Джордж МэллориИз статьи «Никого, кроме нас»
№ 1
Артур Кристофер Бенсон. Номер первый. Нет, что вы, ничего не было. Я – студент, он – преподаватель. Но он смотрел на меня, и я знал, что на самом деле все происходит прямо сейчас. Между нами, в наэлектризованном пространстве.
Он был поэтом, причем известным. Его отец – архиепископом Кентерберийским. Последнее наложило на Бенсона свой отпечаток. Он обожал церковную музыку. Постоянно ввинчивал ее в разговор. Сам немного играл на органе. Отец его был деспотом – Бенсон рассказывал, как он требовал от сына невозможного, чтобы тот мыслил как взрослый, будучи от силы десятилетним. Не хочешь идти по пути Церкви – стань лучшим учителем. И он стал, он преподавал в Итоне, хотя и ненавидел свою работу, своих студентов, свой кабинет. Он смотрел на нас, мальчишек, с похотью. И он мастурбировал у себя в комнате, – несомненно, шлейф этого греха следовал за ним.
Он хотел стать великим. Сперва – огромная двухтомная биография отца, затем – литературные исследования Габриэля Россетти, Эдварда Фицджеральда, Уолтера Патера, потом – сборники стихов с глупыми, графоманскими названиями «Дом тишины», «Из окна колледжа», «У тихой воды» – и внезапный успех, внимание Эдуарда VII, личная аудиенция, редакторская работа над тремя томами писем королевы Виктории.

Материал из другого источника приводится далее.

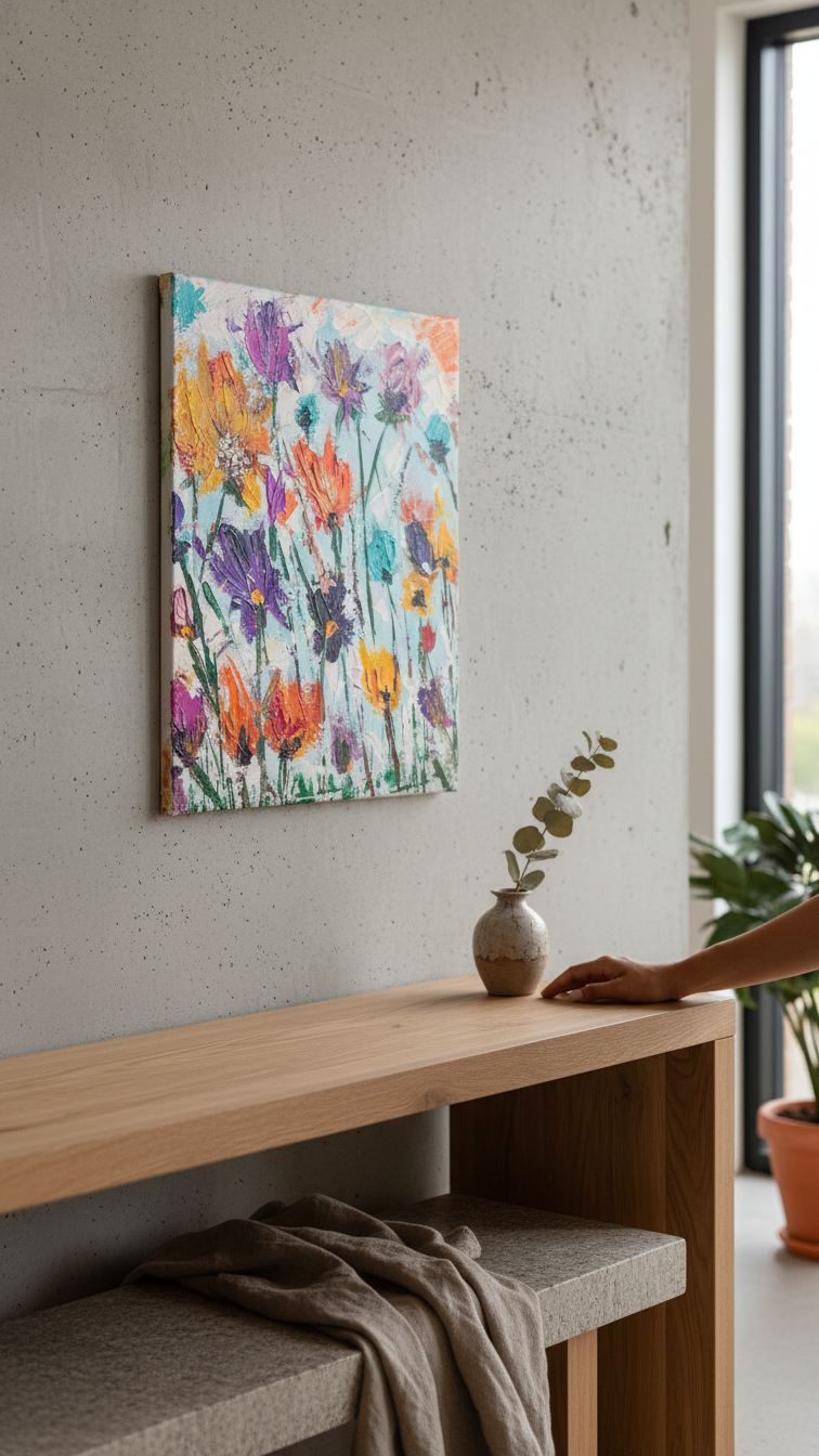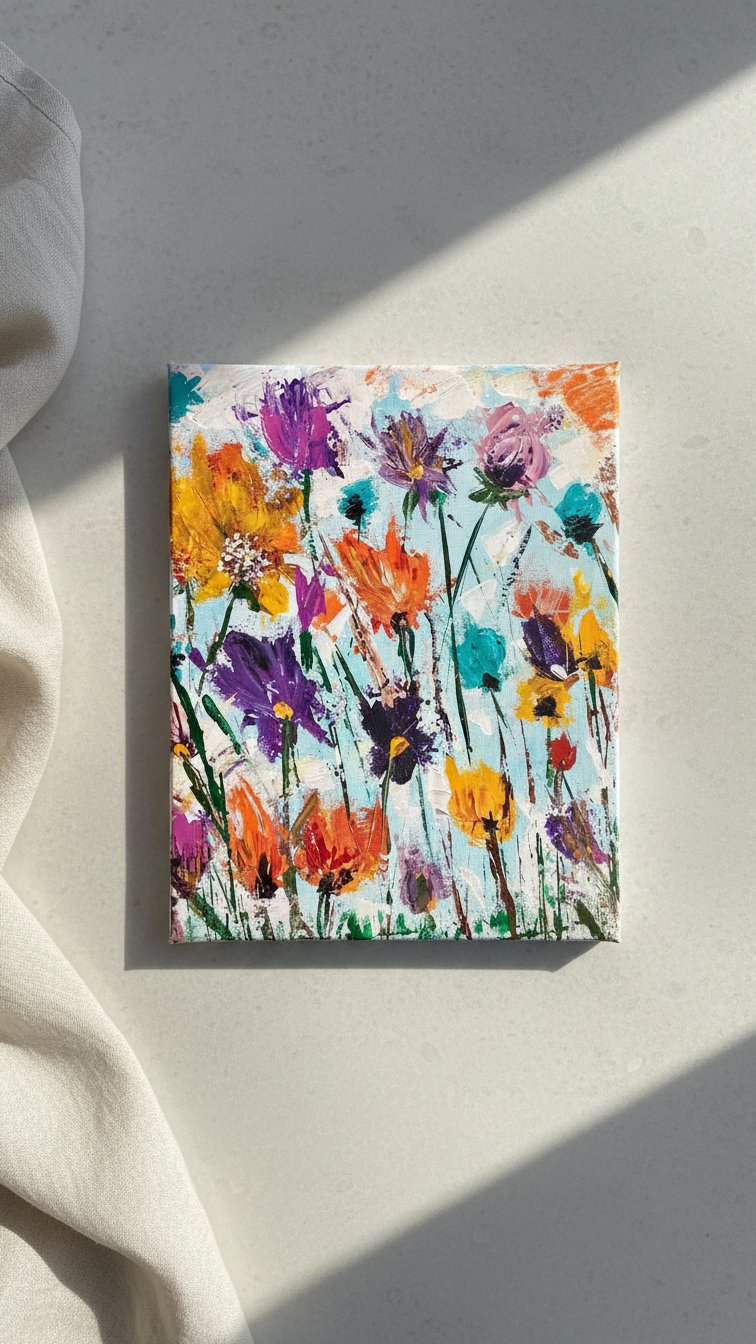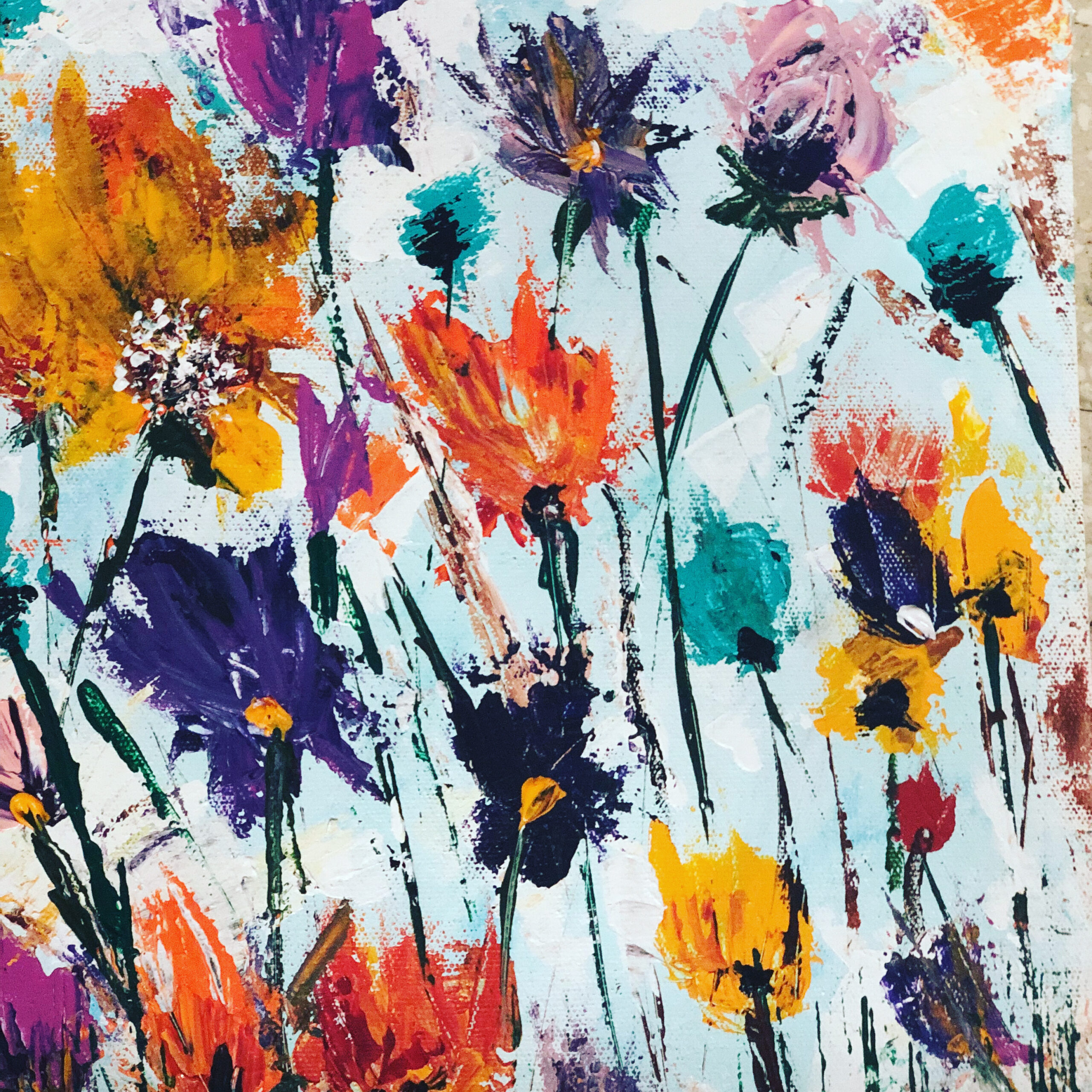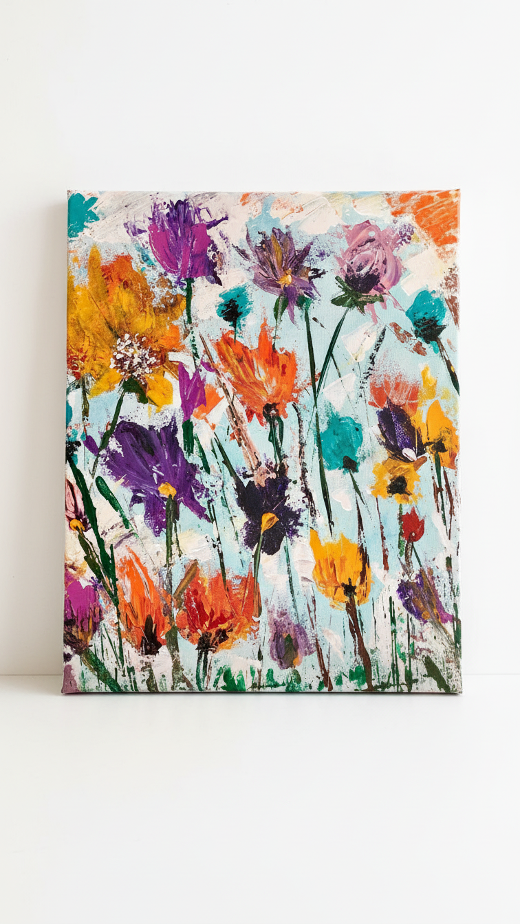This spring-inspired abstract floral painting captures the vibrant energy of a garden in full bloom. Bold brush strokes, playful splashes of color, and expressive florals bring a sense of movement and happiness to the canvas.

Высокий, полный, с густыми седеющими волосами, вечно румяный, с огромными усами, пронзительными голубыми глазами, он одевался в серый фланелевый костюм с двубортным пиджаком. Ходил быстро, широкими шагами, слышен был за милю.
По-настоящему он любил только свой колледж – любовью, которая была так близка к ненависти! Он любил каждую стенку, каждую фигуру на фасаде. Когда ты становился частью колледжа, он любил и тебя. Он испытывал физиологическую тягу к ученикам, но не мог показывать ее. Самые умные догадывались.
Он никогда не останавливал меня в коридорах, это было выше него. Просто во время занятий он прохаживался по ряду, где сидел я. От него пахло мужским одеколоном. Его мощная рука проплывала в считанных дюймах от моей, и я чувствовал его энергию. Он сказал, что я талантлив, и пригласил меня на дополнительные занятия. Я согласился. Видимо, зря.
Одно занятие, второе, третье. Он был корректен и действительно учил меня литературе. Хотя наедине слишком много времени уделял не классике, а собственным стихам. Потом он оказался ближе, потом еще ближе. Потом его излюбленной позой стало сидеть рядом со мной, касаясь плечом, и показывать на доску, где уже что-то написано. Потом он ненавязчиво дотронулся до руки. Потом опять. По касанию за одно занятие.
А потом я сказал: мистер Бенсон, давайте откровенно. Вы придумали эти занятия не для того, чтобы меня чему-то научить. Вы их придумали для удовлетворения своей похоти. От вас за милю несет мастурбацией.
Он возмутился – деланно, наигранно, и вышел. Самое смешное, что, если бы он был откровенен со мной, он бы мог меня соблазнить. Возможно. Или нет. Я не знаю. Между нами было что-то такое, что позже появилось между мной и Бруком, Стрейчи, Ирвином. То же самое. Просто он был старше, и он был учителем. Он не мог себе позволить.
В 1907 году он впал в депрессию. Был госпитализирован. Ему поставили диагноз: неврастения. Переработка, перенапряжение. Но я знал, что дело не в нем. Я знал, что дело во мне. Добрый деспот, мудрый идиот, я даже не знаю, как его характеризовать. Он влюбился в меня, как влюбляется безумец в луговой цветок, не способный ответить взаимностью.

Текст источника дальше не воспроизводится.